In vivo in a checkpoint refractory abscopal tumor model, exoSTING preserved the viability of T-cells and APCs, reduced nonspecific tissue damage and recruited T-cells into tumors, whereas free STING agonist resulted in immune cell ablation.
exoSTING increased T-cell infiltration in the tumor microenvironment by four-fold compared to free STING agonist.
exoSTING inhibited tumor growth in both injected and non-injected contralateral tumors, suggesting systemic anti-tumor response.
exoSTING preserved immunological memory response as demonstrated by tumor re-challenge studies. Complete responders showed no tumor regrowth.
Initial ex vivo analyses demonstrated that exoSTING activates the STING pathway in human tumor tissues after IT administration.

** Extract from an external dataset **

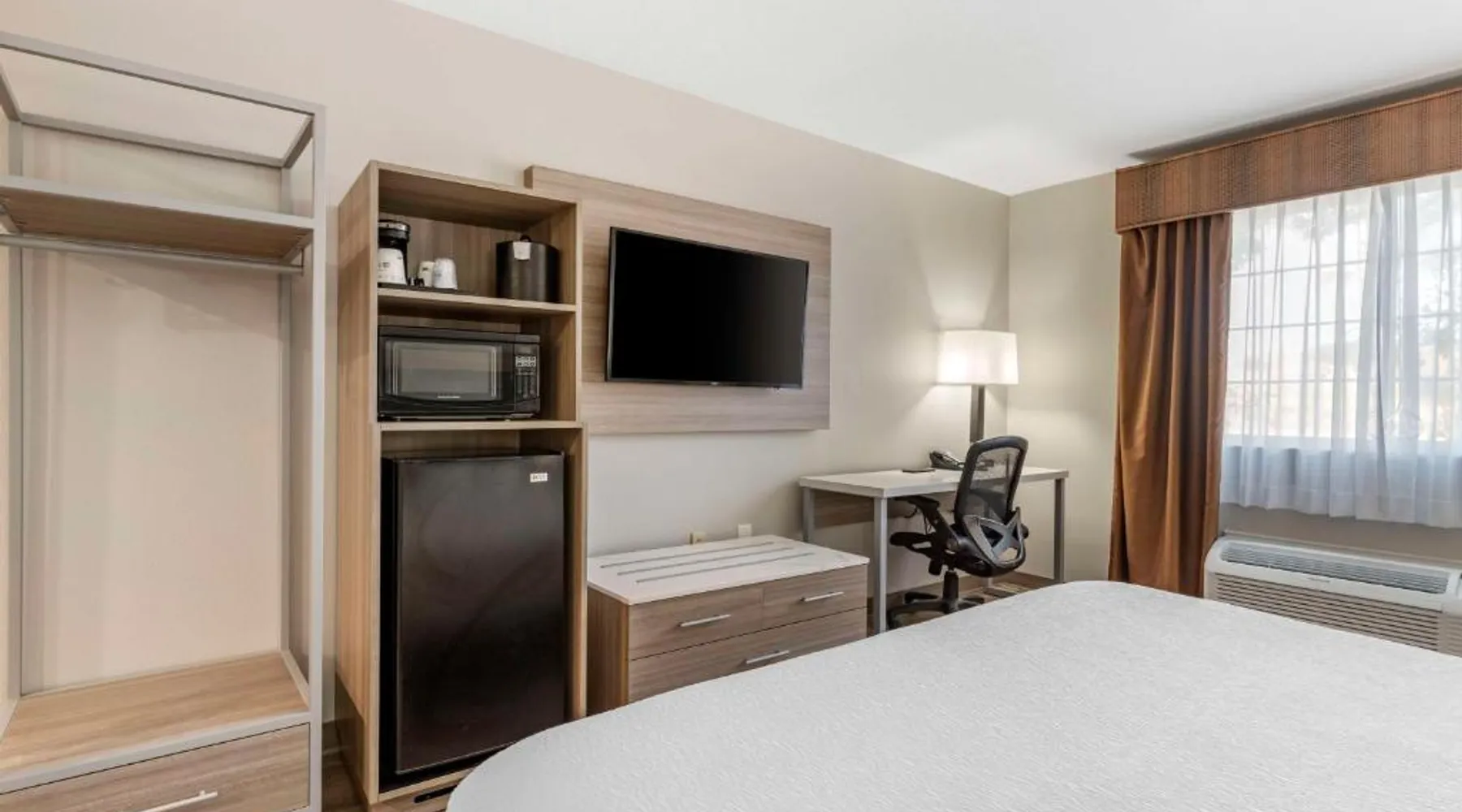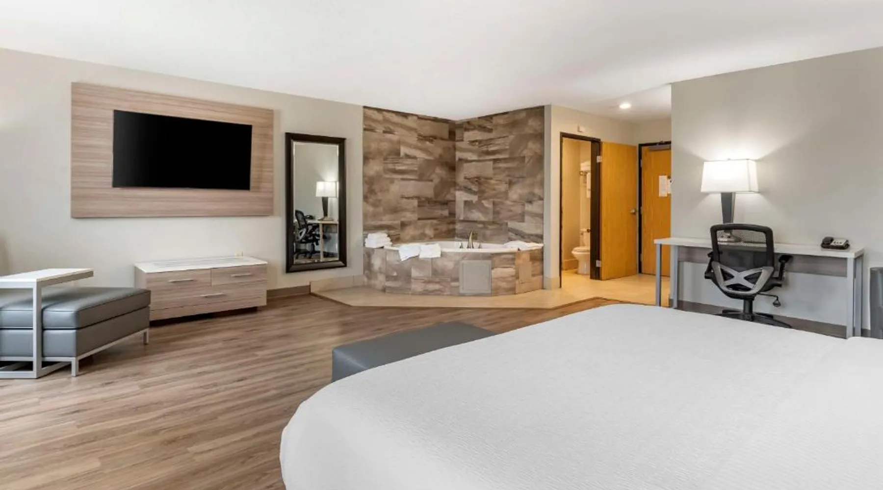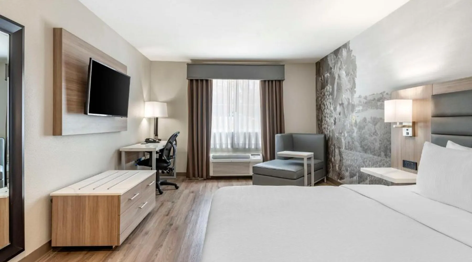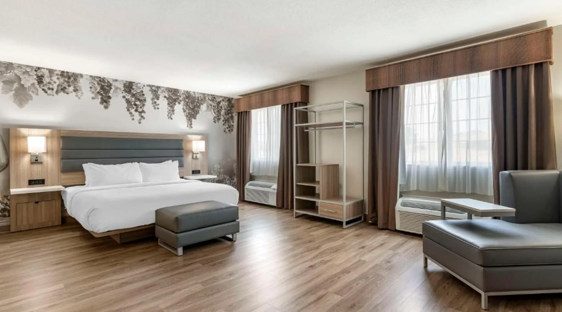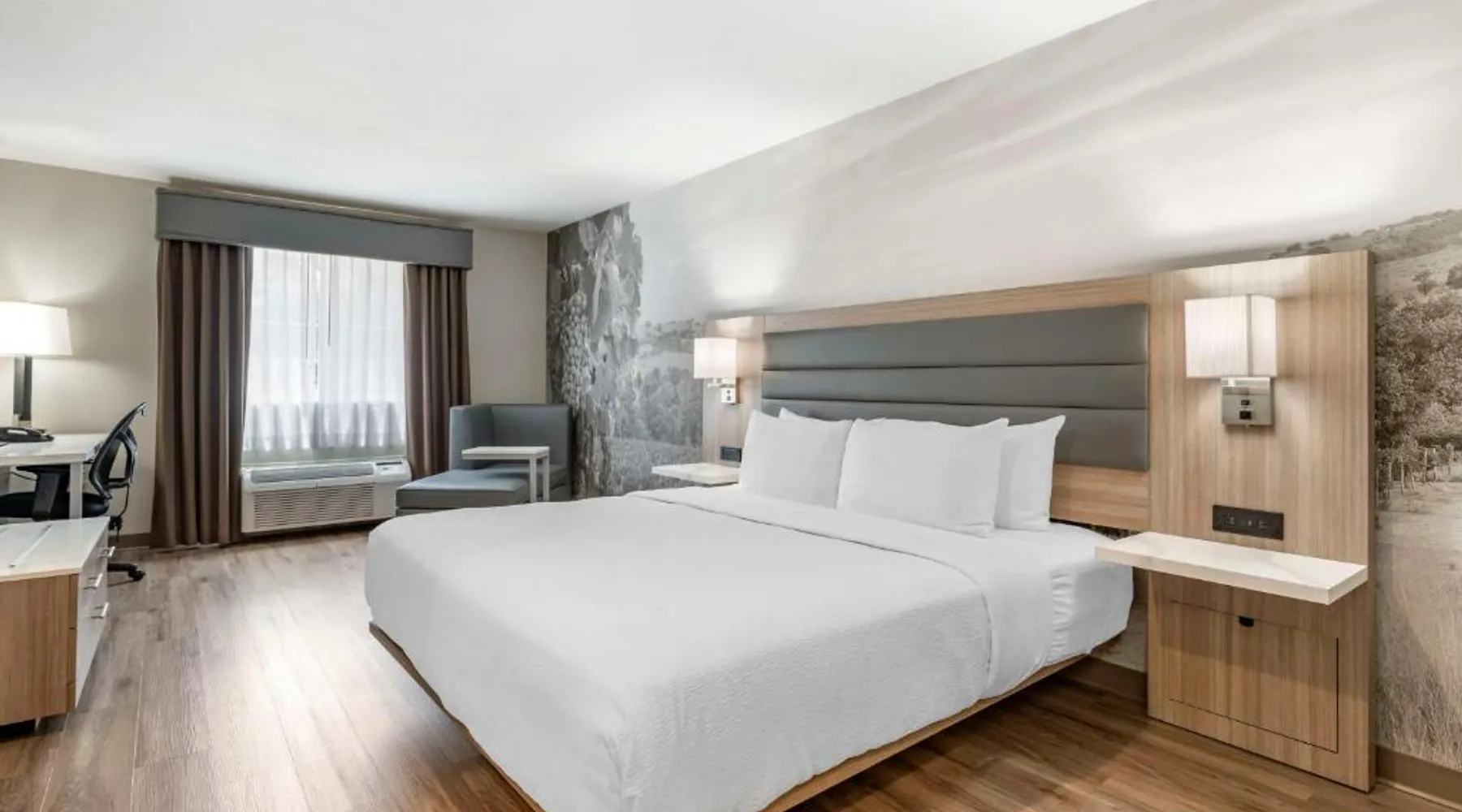 Located off Interstate 580, this Livermore hotel is within a 5 minute drive of 50 local wineries. It features an outdoor pool and a fitness center. All guest rooms come with free Wi-Fi. Guest rooms at Best Western Plus Vineyard Inn come with 42-inch HD TVs with over 150 channels and 7 premium movie channels. For convenience, they are furnished with a microwave and a refrigerator. A hairdryer and ironing facilities are provided. A business center and a guest laundromat are part of this smoke-free hotel. A deluxe continental breakfast featuring waffles and hot egg and sausage sandwiches is served every morning. A 24-hour front desk is available. The Lawrence Livermore National Laboratory is 2 miles from Vineyard Inn Best Western Plus. Altamont Speedway is a 15 minute drive away. The unit offers 1 bed.

Data from the poster titled Selective activation of antigen presenting cells by exoSTING enhances tumor antigen-specific immune response (P666) will be presented on Saturday, November 9th.
About exoIL-12
exoIL-12 is a precision engineered exosome therapeutic candidate expressing IL-12 on the surface of the exosome by molecular fusion to Codiak’s proprietary scaffold protein, PTGRFN. Developed via Codiak’s proprietary engEx Platform, exoIL-12 is designed to target T-cells and Natural Killer cells and induce systemic anti-tumor immunity. Data from Codiak’s preclinical studies suggest that when administered intratumorally, exoIL-12 is retained in the tumor microenvironment, thus resulting in potent anti-tumor immunity and an improved toxicity profile compared to recombinant IL-12. Codiak plans to begin its first Phase 1/2 clinical trial for exoIL-12 initially in patients with Cutaneous T-Cell Lymphoma in the second half of 2020.
About exoSTING
exoSTING is a precision engineered exosome therapeutic candidate that is surface engineered with the protein PTGFRN, and luminally loaded with a proprietary, potent small molecule STING (stimulator of interferon genes) agonist. Developed via Codiak’s proprietary engEx Platform, exoSTING is designed to selectively activate the STING pathway in tumor-resident antigen presenting cells (APCs) and attract and expand immune effector cells in the tumor microenvironment. Data from Codiak’s preclinical studies suggest that when administered intratumorally, exoSTING generates potent, targeted and sustained anti-tumor immunity in numerous preclinical models without systemic elevation of inflammatory cytokines. Codiak plans to initiate its first Phase 1/2 clinical trial for exoSTING in patients with a select group of solid tumors in the first half of 2020.